DNA in cells are structured as double helixes, two helix-shaped DNAs held together by hydrogen bonds between the bases (see Figure 5). In these double helixes the following applies:
1. Each Adenine in a DNA has two hydrogen bonds with a Thymine in the other DNA.
2. Each Thymine in a DNA has two hydrogen bonds with an Adenine in the other DNA.
3. Each Cytosine in a DNA has three hydrogen bonds with a Guanine in the other DNA.
4. Each Guanine in a DNA has three hydrogen bonds with a Cytosine in the other DNA.
Since A and T binds together the two are called complementary bases, and an A bound to a T is called a base pair or more spesifically an AT-pair. Similarly, C and G are also called complementary bases and a C bound to a G is called a CG-pair.
Another detail of double helixes is that the two DNAs bind together in reverse directions, meaning that the 5'-to-3'-direction of one DNA is aligned with the 3'-to-5'-direction of the other. This form of binding is called antiparallell. The two DNAs are therefore said to have antiparallell complementary base sequences. (However, the word "antiparallell" is usually not used and one just says that two base sequences are complementary, the antiparallell form of binding being regarded as implicit.)
RNA and genes
RNA resembles DNA in that both are chains of nucleotides covalently bound together through the 3'-oxygens and the phosphates. The defining difference is that the nucleotides of RNA contain ribose, where a hydroxyl (OH) is attached to the 2'-carbon, while the nucleotides of DNA contain deoxyribose, where a hydrogen (H) is attached to the 2'-carbon (see Figure 6). Deoxyribose means "deoxygenated ribose", as in "a ribose that lacks one oxygen atom".
The most common bases in RNA are adenine, cytosine, guanine, and uracil (the latter is abbreviated as U). This means that three bases (adenine, cytosine and guanine) are common in both RNA and DNA. An RNA can bind to a DNA or another RNA if the two have antiparallell complementary base sequences.
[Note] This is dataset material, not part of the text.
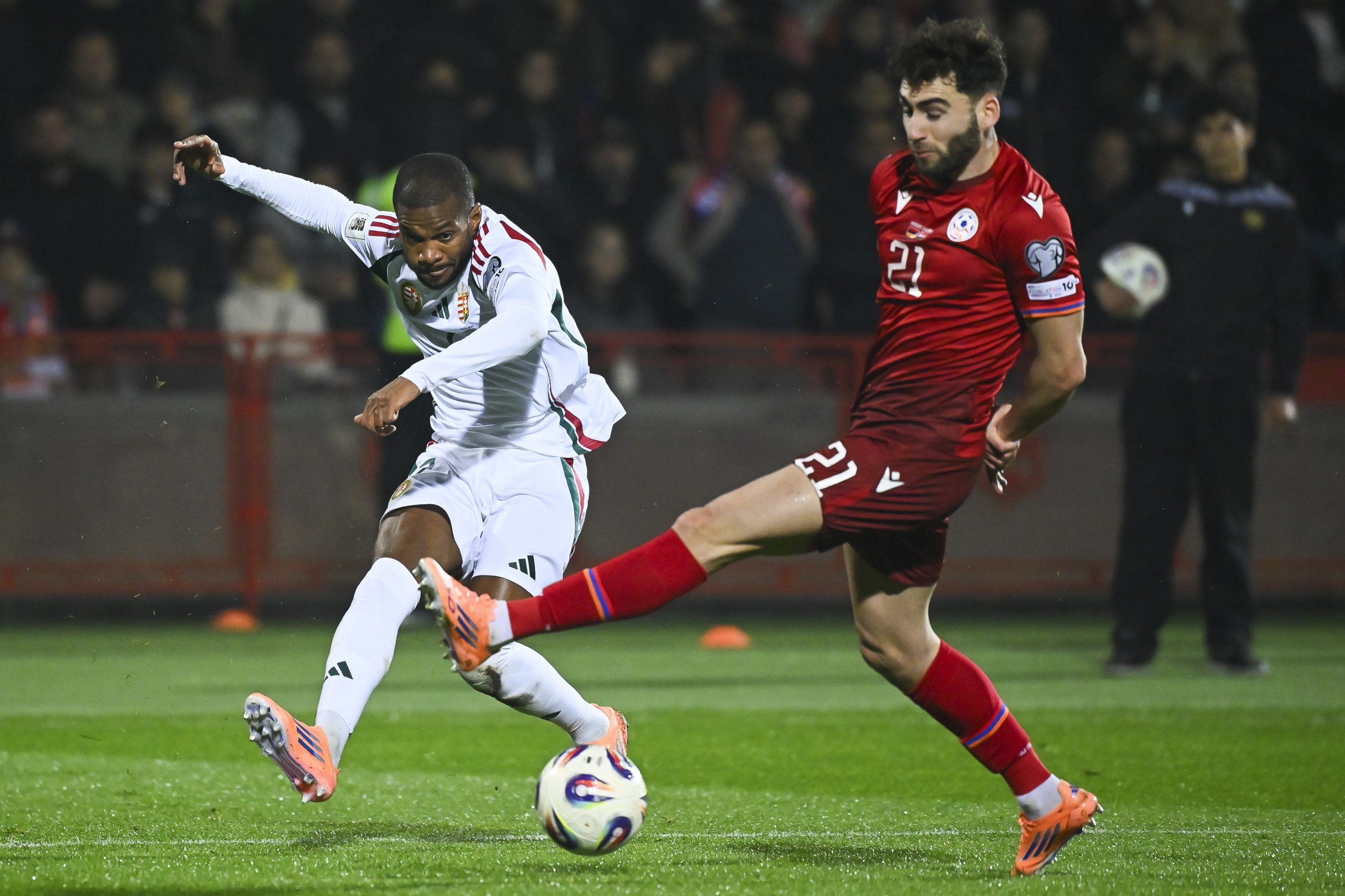 Loic Négo (b) és az örmény Nair Tiknizjan az Örményország - Magyarország labdarúgó világbajnoki selejtezõ mérkõzésen a jereváni Szargszján Köztársasági Stadionban 2025. november 13-án.

In such cases, each uracil in the RNA has two hydrogen bonds with an adenine in the DNA/other RNA. This means that A and U are complementary bases, making A complementary to both T and U.
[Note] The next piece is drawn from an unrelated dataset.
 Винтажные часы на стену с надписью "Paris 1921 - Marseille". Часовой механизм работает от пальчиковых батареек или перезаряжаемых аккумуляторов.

Synthesis of proteins is accomplished by the aid of genes. A gene is a base sequence in DNA that can be translated to the amino acid sequence of a protein. The translation of a gene to a protein is indirect: the base sequence of DNA is first transcribed ("copied") to RNA, and then the base sequence of RNA is translated to the amino acid sequence of a protein.
Summary
A protein is assembled from different amino acids, and the order of the amino acids determines the three-dimensional structure and the function of the protein. Nucleic acids (DNA and RNA) are similarly assembled from nucleotides arranged in a specific order. Two nucleic acids can bind together through antiparallell complementary base pairing. DNA contains base sequences called genes that can be transcribed to RNA, and the base sequences of RNA can then be translated to the amino acid sequences of proteins.